Credit conditions still tight despite low rates
Published 01/09/2009 | 02:10
Credit conditions remained “very tight” for manufacturing firms despite low levels of interest rates and government efforts to free up liquidity in the banking system, according to research out today.
A survey of 560 companies in the UK by the Engineering Employers Federation (EEF) found only a small reduction in the number of businesses finding it more difficult to access credit.
Only 7% of firms said there had been a fall in the cost of borrowing in recent months, while half reported an increase in the cost of finance from banks and other finance providers.
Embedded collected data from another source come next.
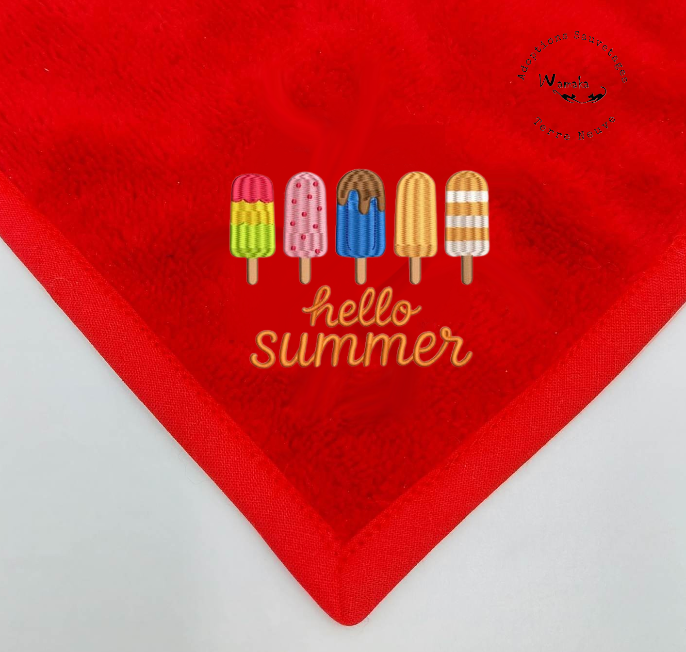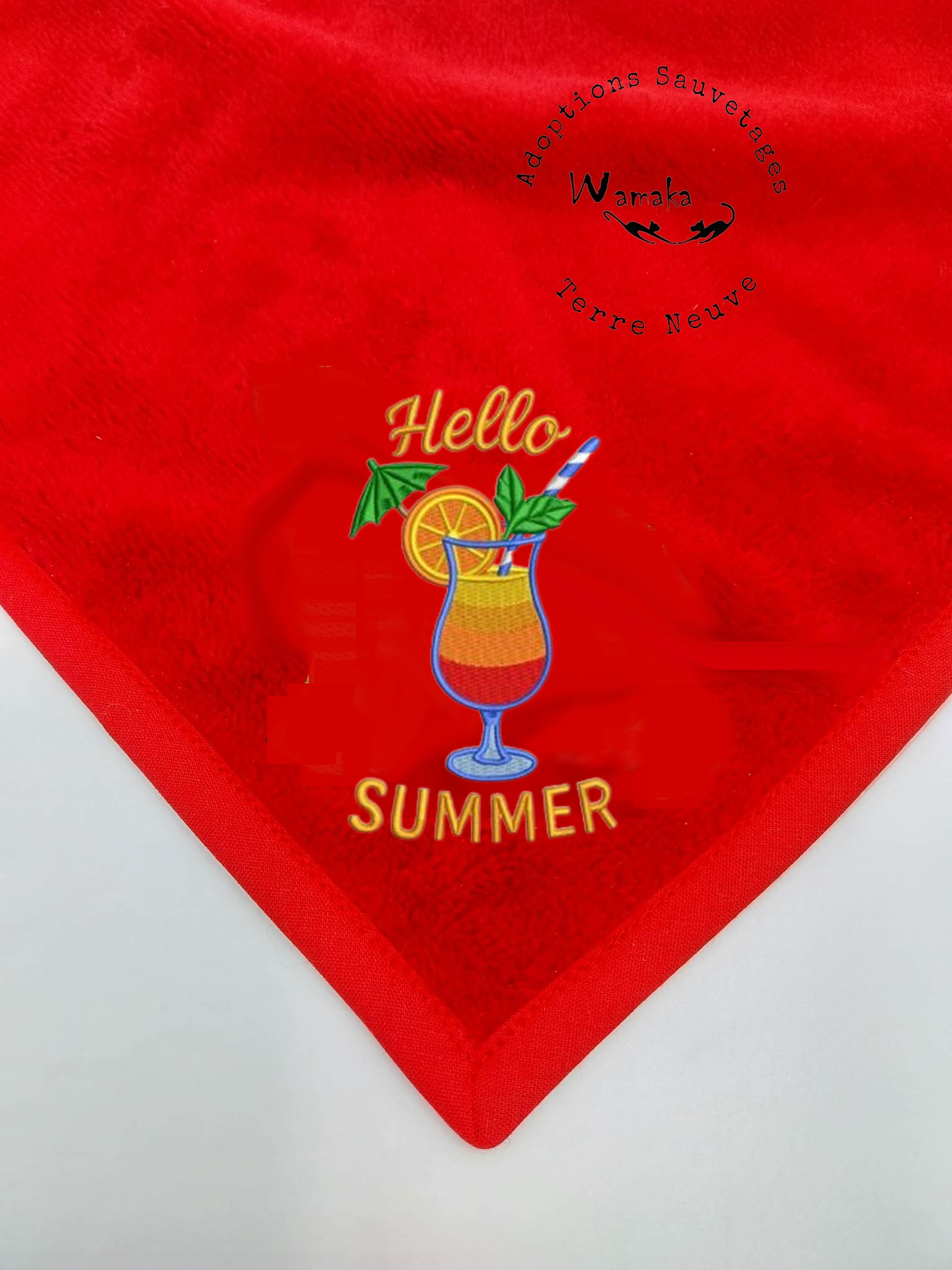 Ce joli drap de bain en éponge bambou vous accompagnera avec plaisir cet été dans vos activitées. Il est réalisé dans une éponge de qualité, avec un biais en coton. Pour la collection été, des broderies adaptées à la farniente et aux vacances avec des motifs originaux et flashis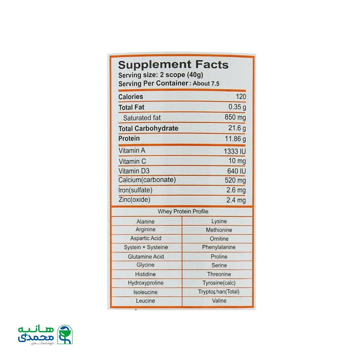 | ترکیبات | مقدار در هر 2 اسکوپ | درصد نیاز مصرف روزانه |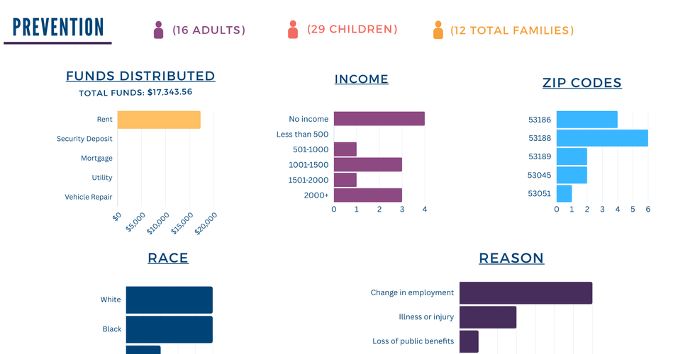 Following the guidelines of the Wisconsin State Division of Energy, Housing and Community Resources we have been providing rent assistance based on the greatest need. Their guidelines require that every family seeking assistance participate in an assessment and are then added to a list called Coordinated Entry (CE). Coordinated Entry prioritizes those with the most needs and moves them to the top of the list. Currently there are 62 families on the list. Even though using this list has allowed us to better identify the needs of families in Waukesha County, it is not comprehensive. There are a few agencies who provide rent assistance without the prioritization list, therefore we know that there are many more than 62 families who need assistance.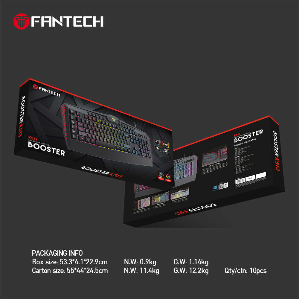 2020 Fantech K513เมมเบรนมาโคร8โหมดแสงพร้อมซอฟต์แวร์คีย์บอร์ดเล่นเกมมัลติมีเดีย
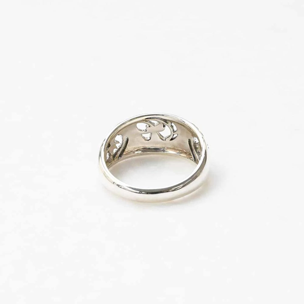 つややかに磨き上げた鏡面仕上げのシルバーのリングにレースのように繊細なオープンワークを施しました。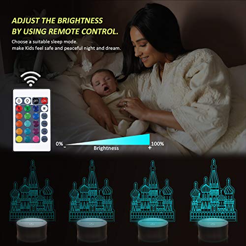 Regali Castello, Lampada 3D CooPark LED Ologramma Ottico Luce Notturna, 16 Cambia Colore con Telecomando, Decorazione Camera Bambini Compleanno Creativo Natale Presente per Ragazze Ragazzi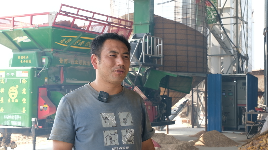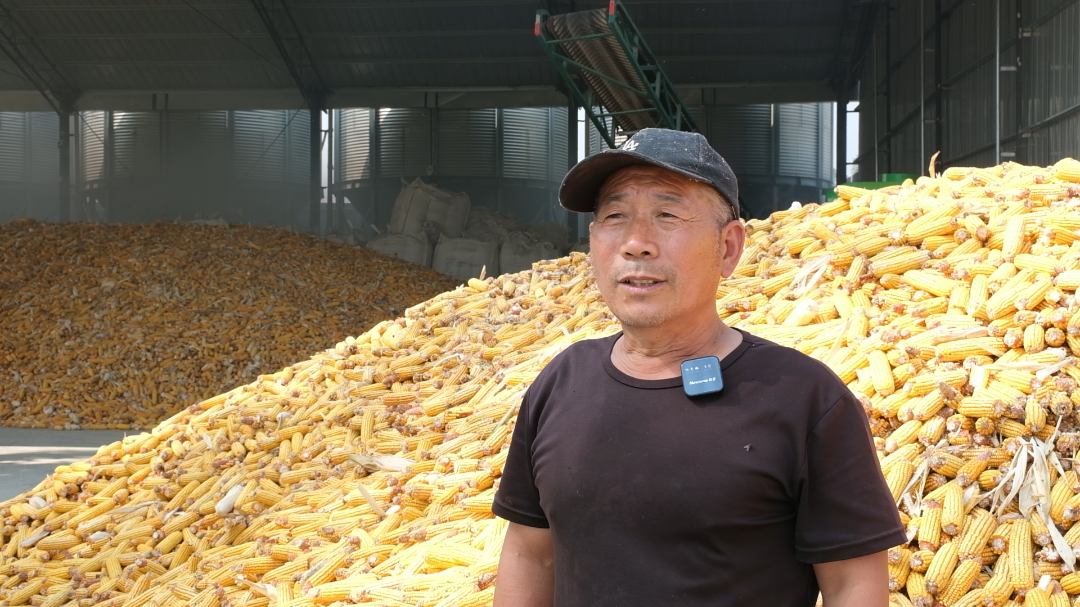 这是今年刚收上来的玉米,水分在34个左右,老百姓拉到我这个地方,我先进行脱粒处理,脱完粒玉米芯通过综合利用,能给老百姓实现免费的烘干,烘干后的玉米,既干净又能达到14个水分以内,符合国家收储的标准。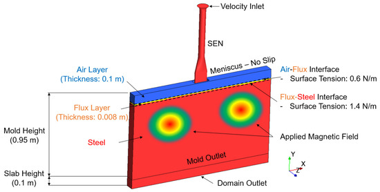 In order to make our model better predict the realistic flow field and the surface wave behavior in the primary cooling process, the geometry model was built based on the actual SEN and mold used by Nucor. The initial flux thickness and depth were also from the measured data of the Nucor caster. The boundary conditions utilized in the simulation are shown in Figure 1. Here, the velocity inlet, , is calculated utilizing the conservation of mass with respect to the density, as shown in Equation (12), where, is the density at the torch cut off temperature, is the density taken at the temperature of the inlet, is the cross section area of the mold, and is the volumetric flow rate of steel. The surfaces of the narrow face, board face, and the mold outlet are set as walls. The prescribed magnetic flux density with respect to position was provided by industry collaborator, Nucor Corporation, and mapped to the mold.

This compared with 44% in the three months to June and 37% at the start of the year and was the highest figure since the survey was launched at the end of 2007.
Manufacturers also revealed higher costs for new lines of borrowing, according to the report which warned that tight credit conditions were likely to weaken the economy's recovery.
Steve Radley, the EEF's director of policy, said: “Despite low levels of interest rates and significant intervention by the government and the Bank of England, credit conditions remain very tight.
“Given the severe damage done to banks' balance sheets by the recession, this is likely to remain the case for some time and will dampen the recovery, as meeting new orders puts increasing pressure on manufacturers' cashflow.
“This suggests that the government and Bank will need to move carefully in removing the current support for the economy.”